ISTP: Spearfishing in Jamaica. Alone. Nature sounds.

ESTP: The roar of a drag race buzzing through a window in West Los Angeles. Subsequent sirens. Subsequent yelling, laughing, screaming, and cars peeling out in four different directions.

INTJ: A phone app that provides more updated information than the departure/arrival schedule at the airport. Useful, efficient, an improvement on what the plebes are using.

ENTJ: Immaculate, fragrant, buttery soft Italian leather work bag. Jet black. Nothing in it but the essentials.

INTP: A laptop you can’t guess the password to unlock. Definitely contains ultraclassified material, and was accidentally left in the airport terminal with an empty Funyuns bag.
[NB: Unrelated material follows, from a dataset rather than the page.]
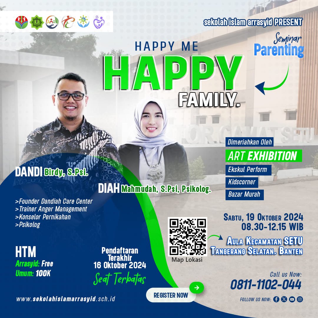Keluarga yang bahagia dimulai dari diri yang bahagia. Untuk itulah, Sekolah Islam Arrasyid dengan bangga mempersembahkan Seminar Parenting: "Happy Me, Happy Family", sebuah acara inspiratif yang dirancang khusus untuk para orang tua yang ingin menciptakan harmoni dan kebahagiaan dalam keluarga.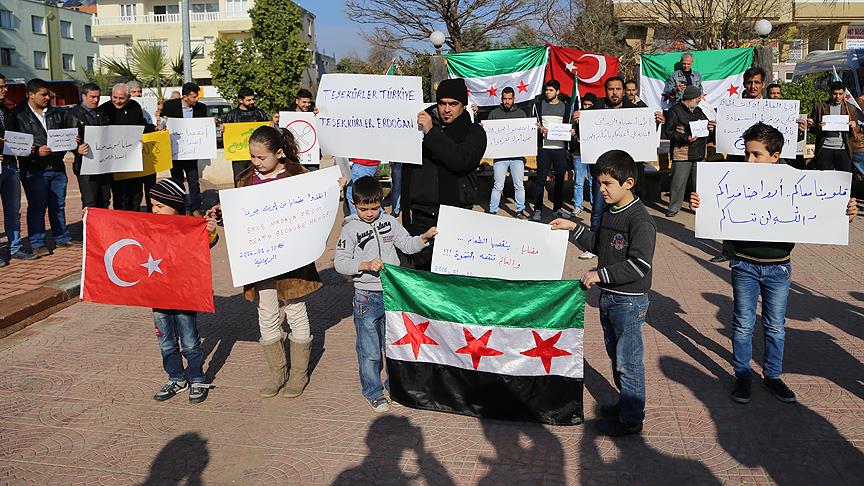Reyhanlı Belediyesi önünde toplanan aralarında kadın ve çocukların da olduğu Suriyeliler, ellerinde Türkçe, Arapça, İngilizce ''Madaya kalbimizde, unutmayacağız, Madaya açlıktan ölüyor, abluka kalksın" yazılı döviz ve pankart açtı.

ENTP: A strange, really strong cocktail made from a recipe in a 300-year-old notebook, but updated with local ingredients. You really don’t understand how all those components work together, but they do. Esoteric pun name the bartender feels compelled to explain.

INFJ: A great therapist. Gives interesting perspectives on your problems and makes you think about them differently. Seems unflappable. You know nothing about him/her, s/he knows everything about you. Is going to their own therapy session after you leave.

ENFJ: A workplace team-building retreat that actually works. (That should just be their tagline.)

INFP: Pretty, intricate mobile artwork in a gallery. You actually have to read the artist’s statement to understand the full story behind what you’re looking at. You buy a postcard of it at the gift shop because it sticks with you.

ENFP: A carnival funhouse where you get too overstimulated about 3/4 of the way through. Unforgettable. But also feels like they didn’t quite finish the design, and you step on a paint tray as you walk out covered in glitter.